- **Exercise**: Set down each entry as it stands. Skip the pictures.

** Opening Task data block **

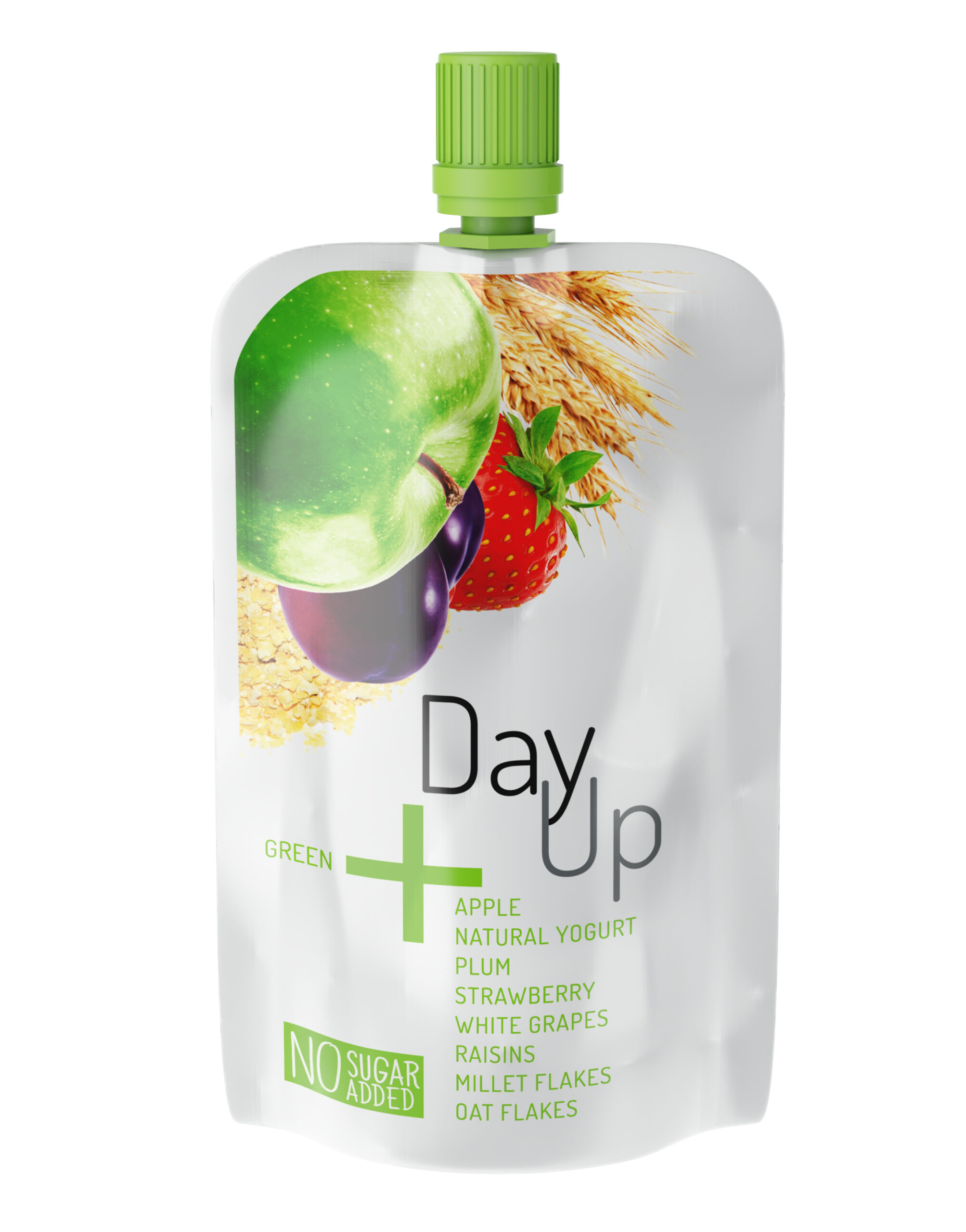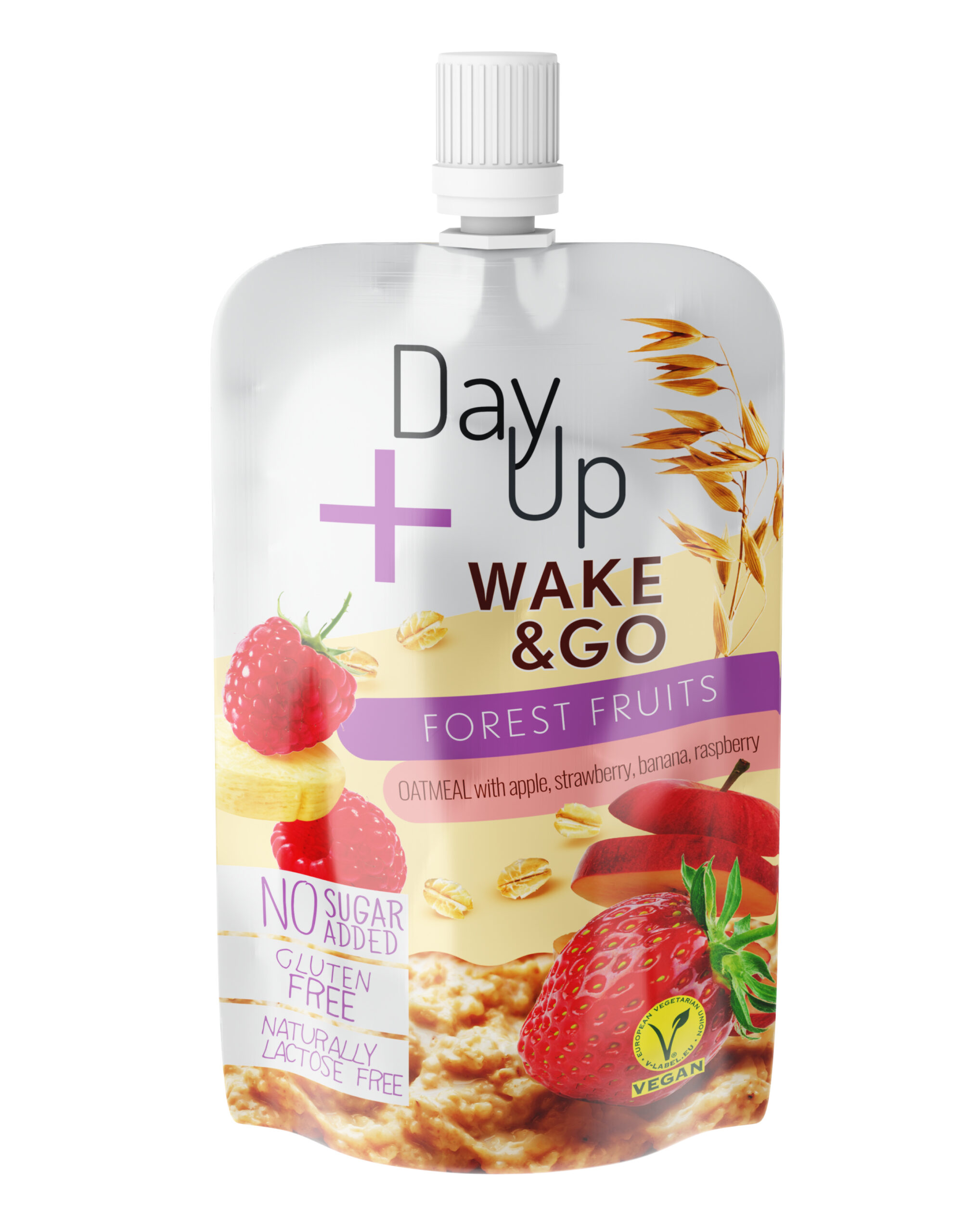 DayUp WAKE&GO SWEET APPLE Ingredients: apple puree 59,4 %, banana puree 15 %, water, gluten-free oat extract 8 %, gluten-free oat flakes 5 %, lemon concentrate, natural vanilla aroma.
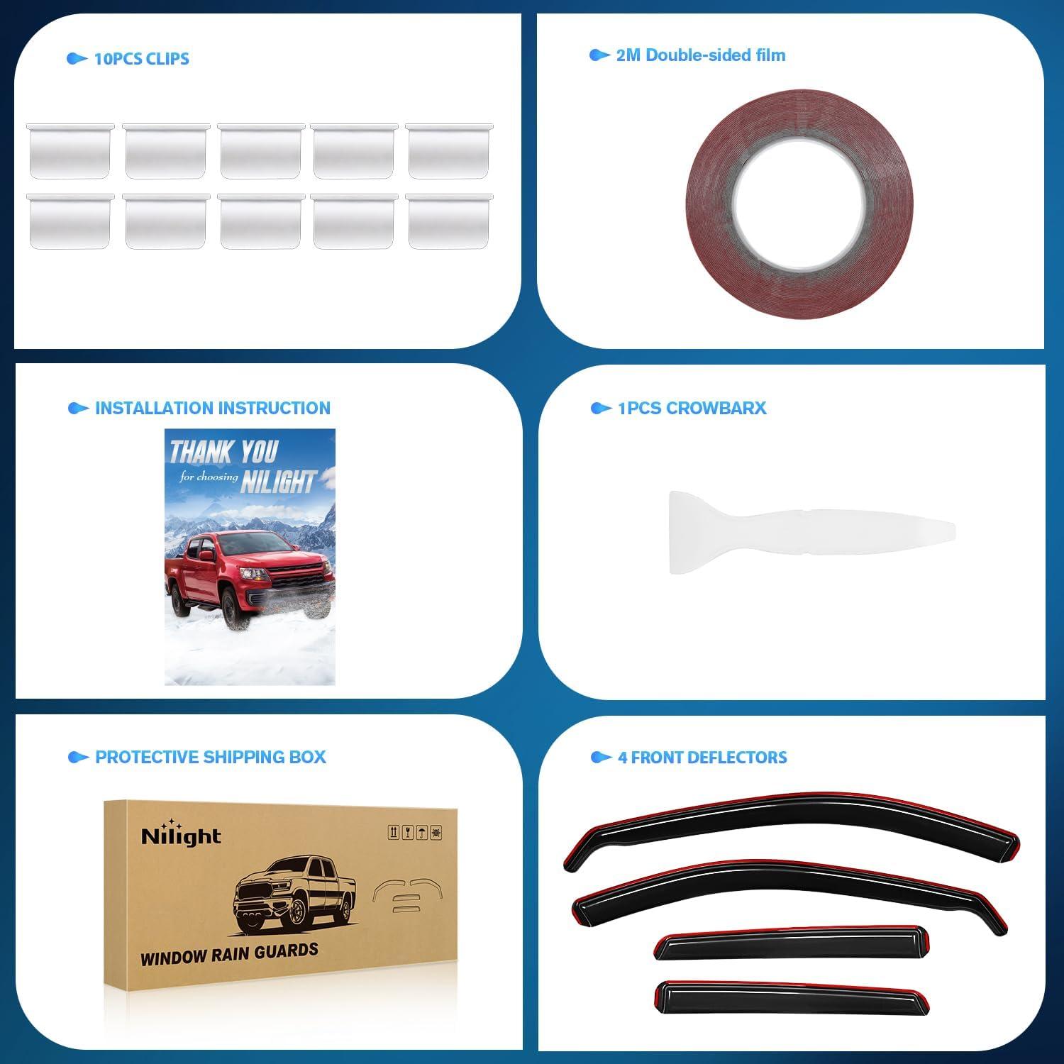 PACKAGE INCLUDED: 4PCS Window Rain Guards, 12PCS metal clips, 1 trim removal tool, automotive-grade double-sided tape, and step-by-step installation instructions. Clip-on mounting system ensures a secure and stable fit without drilling
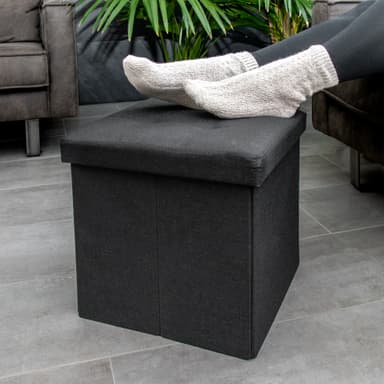 Förvaringslåda för sittpall tillverkad av tyg i trendiga färger.
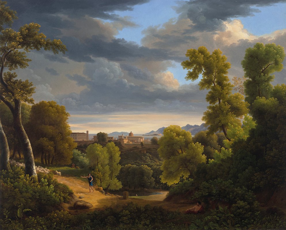 当我们凝视让-约瑟夫・泽维尔・比道尔的画布,仿佛踏入了一段被精心封存的静谧时光。这位19世纪初的法国画家,以其沉静典雅的笔触,在新古典主义的殿堂中,为风景画开辟了一片诗意盎然的疆土。
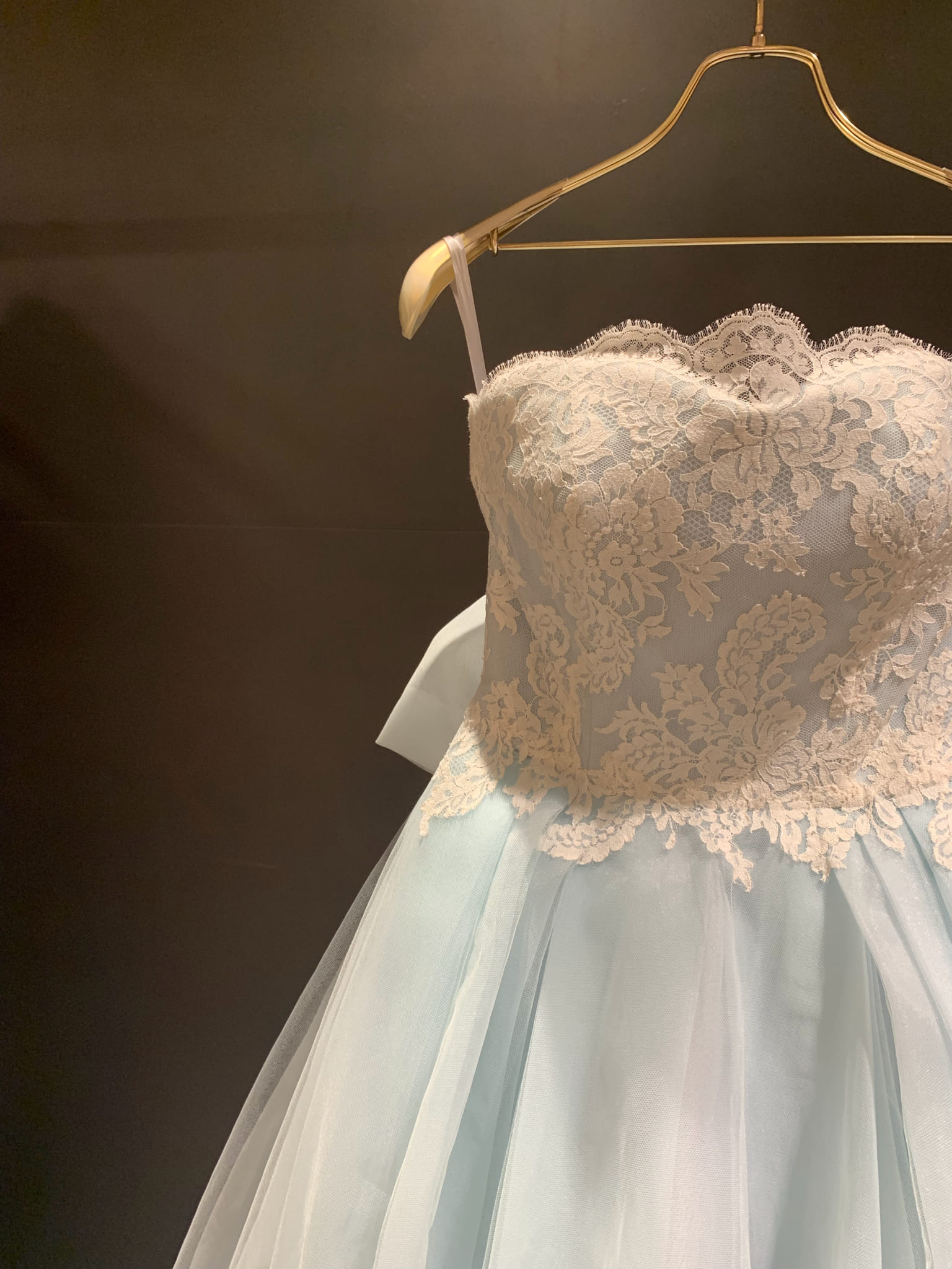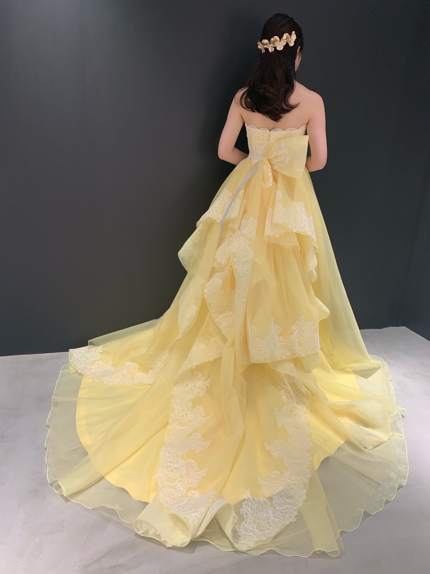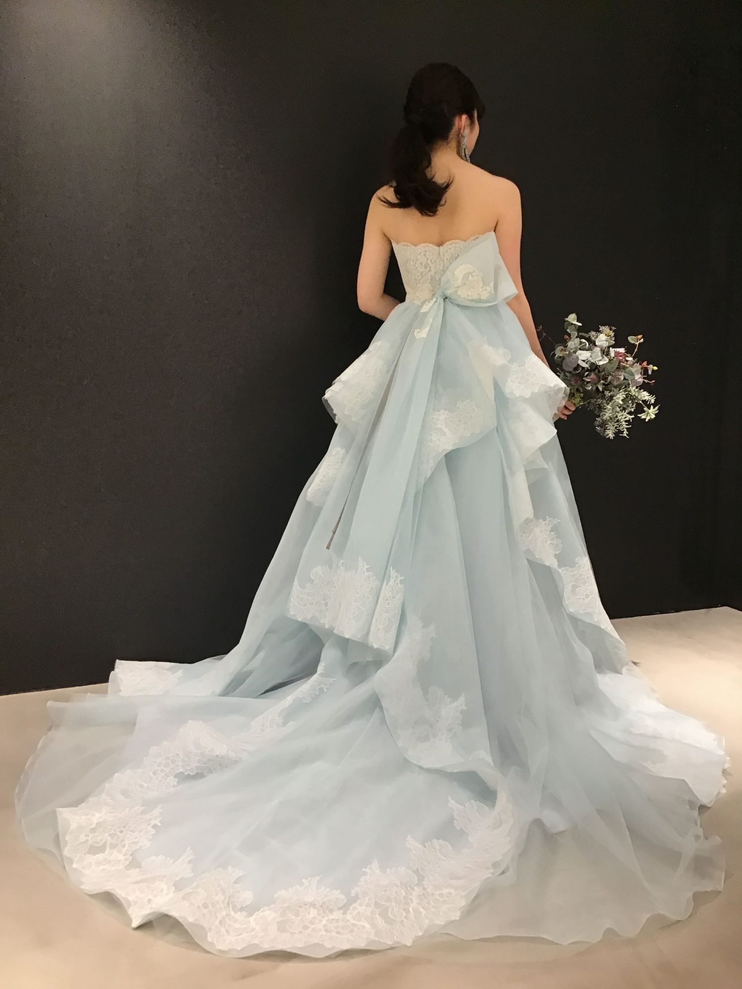 さわやかな色味と優美で女性らしい、軽やかなシルエットのカラードレス。

** Closing Task data block **

- **Solution to this task**:
 DayUp WAKE&GO SWEET APPLE Ingredients: apple puree 59,4 %, banana puree 15 %, water, gluten-free oat extract 8 %, gluten-free oat flakes 5 %, lemon concentrate, natural vanilla aroma.
 PACKAGE INCLUDED: 4PCS Window Rain Guards, 12PCS metal clips, 1 trim removal tool, automotive-grade double-sided tape, and step-by-step installation instructions. Clip-on mounting system ensures a secure and stable fit without drilling
 Förvaringslåda för sittpall tillverkad av tyg i trendiga färger.
 当我们凝视让-约瑟夫・泽维尔・比道尔的画布,仿佛踏入了一段被精心封存的静谧时光。这位19世纪初的法国画家,以其沉静典雅的笔触,在新古典主义的殿堂中,为风景画开辟了一片诗意盎然的疆土。
 さわやかな色味と優美で女性らしい、軽やかなシルエットのカラードレス。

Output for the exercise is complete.